■ AVAILABLE DATA:
-- Opening Marker --

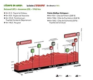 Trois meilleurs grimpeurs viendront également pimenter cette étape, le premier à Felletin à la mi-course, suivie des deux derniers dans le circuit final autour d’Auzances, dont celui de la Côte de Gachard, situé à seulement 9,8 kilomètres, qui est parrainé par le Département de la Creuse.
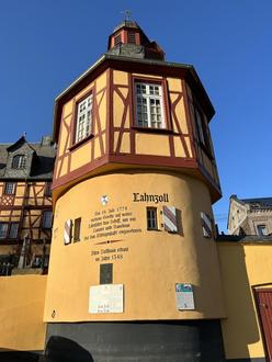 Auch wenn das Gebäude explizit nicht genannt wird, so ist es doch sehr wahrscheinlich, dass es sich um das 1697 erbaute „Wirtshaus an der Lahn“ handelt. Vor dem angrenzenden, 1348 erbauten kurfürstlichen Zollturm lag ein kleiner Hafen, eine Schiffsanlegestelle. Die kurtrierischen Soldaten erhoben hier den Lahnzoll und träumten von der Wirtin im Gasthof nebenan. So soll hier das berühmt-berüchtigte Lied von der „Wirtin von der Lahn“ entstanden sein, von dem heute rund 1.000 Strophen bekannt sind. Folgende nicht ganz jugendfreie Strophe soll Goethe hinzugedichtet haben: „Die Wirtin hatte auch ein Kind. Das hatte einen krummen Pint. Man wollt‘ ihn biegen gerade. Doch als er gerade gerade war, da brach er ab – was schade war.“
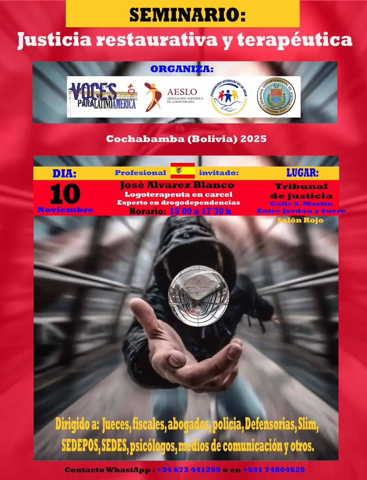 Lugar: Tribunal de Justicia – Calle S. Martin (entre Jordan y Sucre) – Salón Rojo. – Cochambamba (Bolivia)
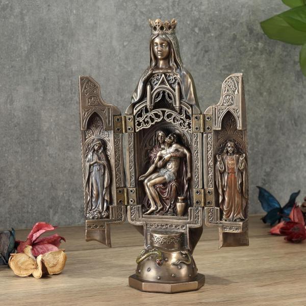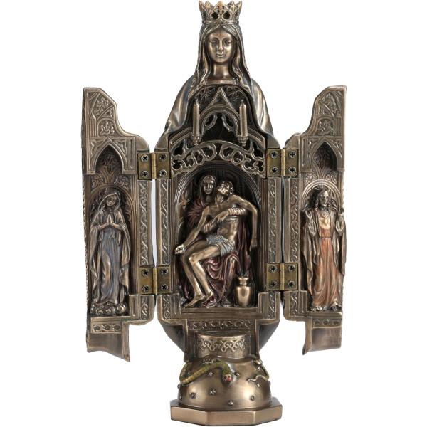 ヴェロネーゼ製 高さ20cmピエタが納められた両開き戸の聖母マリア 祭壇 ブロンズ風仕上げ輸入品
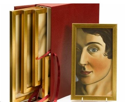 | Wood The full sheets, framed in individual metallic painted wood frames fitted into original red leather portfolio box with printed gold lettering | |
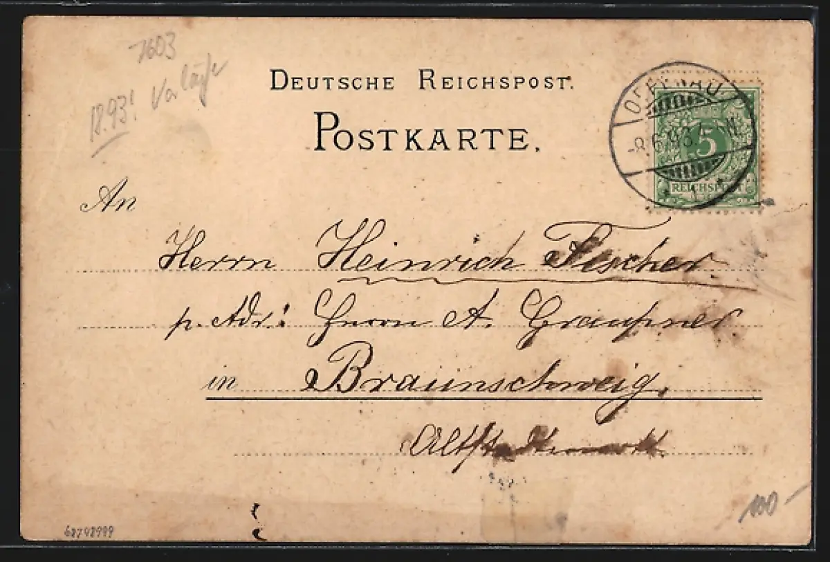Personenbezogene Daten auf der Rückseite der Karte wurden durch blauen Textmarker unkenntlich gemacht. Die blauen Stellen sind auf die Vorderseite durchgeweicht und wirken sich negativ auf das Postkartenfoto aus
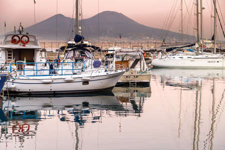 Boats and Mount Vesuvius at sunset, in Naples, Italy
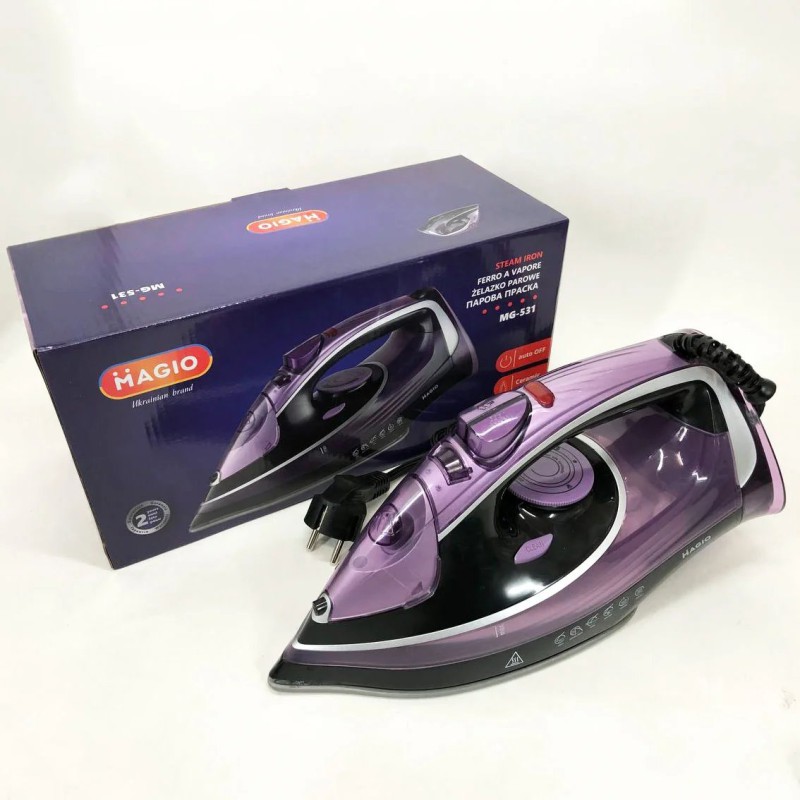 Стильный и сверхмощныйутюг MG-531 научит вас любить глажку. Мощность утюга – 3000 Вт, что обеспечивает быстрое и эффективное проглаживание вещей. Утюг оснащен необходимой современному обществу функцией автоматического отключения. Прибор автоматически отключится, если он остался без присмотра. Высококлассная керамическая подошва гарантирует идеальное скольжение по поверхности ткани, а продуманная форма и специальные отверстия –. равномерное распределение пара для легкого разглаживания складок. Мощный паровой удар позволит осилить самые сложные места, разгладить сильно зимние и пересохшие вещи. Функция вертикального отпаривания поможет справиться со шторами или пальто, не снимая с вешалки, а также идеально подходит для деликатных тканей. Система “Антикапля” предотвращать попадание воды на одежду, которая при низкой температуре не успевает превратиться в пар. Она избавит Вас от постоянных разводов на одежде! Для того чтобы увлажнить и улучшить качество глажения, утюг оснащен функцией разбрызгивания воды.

-- Closing Marker --

■ YOUR INSTRUCTIONS: The listing above must be repeated exactly, apart from the pictures.

■ RESPONSE AREA:
 Trois meilleurs grimpeurs viendront également pimenter cette étape, le premier à Felletin à la mi-course, suivie des deux derniers dans le circuit final autour d’Auzances, dont celui de la Côte de Gachard, situé à seulement 9,8 kilomètres, qui est parrainé par le Département de la Creuse.
 Auch wenn das Gebäude explizit nicht genannt wird, so ist es doch sehr wahrscheinlich, dass es sich um das 1697 erbaute „Wirtshaus an der Lahn“ handelt. Vor dem angrenzenden, 1348 erbauten kurfürstlichen Zollturm lag ein kleiner Hafen, eine Schiffsanlegestelle. Die kurtrierischen Soldaten erhoben hier den Lahnzoll und träumten von der Wirtin im Gasthof nebenan. So soll hier das berühmt-berüchtigte Lied von der „Wirtin von der Lahn“ entstanden sein, von dem heute rund 1.000 Strophen bekannt sind. Folgende nicht ganz jugendfreie Strophe soll Goethe hinzugedichtet haben: „Die Wirtin hatte auch ein Kind. Das hatte einen krummen Pint. Man wollt‘ ihn biegen gerade. Doch als er gerade gerade war, da brach er ab – was schade war.“
 Lugar: Tribunal de Justicia – Calle S. Martin (entre Jordan y Sucre) – Salón Rojo. – Cochambamba (Bolivia)
 ヴェロネーゼ製 高さ20cmピエタが納められた両開き戸の聖母マリア 祭壇 ブロンズ風仕上げ輸入品
 | Wood The full sheets, framed in individual metallic painted wood frames fitted into original red leather portfolio box with printed gold lettering | |
Personenbezogene Daten auf der Rückseite der Karte wurden durch blauen Textmarker unkenntlich gemacht. Die blauen Stellen sind auf die Vorderseite durchgeweicht und wirken sich negativ auf das Postkartenfoto aus
 Boats and Mount Vesuvius at sunset, in Naples, Italy
 Стильный и сверхмощныйутюг MG-531 научит вас любить глажку. Мощность утюга – 3000 Вт, что обеспечивает быстрое и эффективное проглаживание вещей. Утюг оснащен необходимой современному обществу функцией автоматического отключения. Прибор автоматически отключится, если он остался без присмотра. Высококлассная керамическая подошва гарантирует идеальное скольжение по поверхности ткани, а продуманная форма и специальные отверстия –. равномерное распределение пара для легкого разглаживания складок. Мощный паровой удар позволит осилить самые сложные места, разгладить сильно зимние и пересохшие вещи. Функция вертикального отпаривания поможет справиться со шторами или пальто, не снимая с вешалки, а также идеально подходит для деликатных тканей. Система “Антикапля” предотвращать попадание воды на одежду, которая при низкой температуре не успевает превратиться в пар. Она избавит Вас от постоянных разводов на одежде! Для того чтобы увлажнить и улучшить качество глажения, утюг оснащен функцией разбрызгивания воды.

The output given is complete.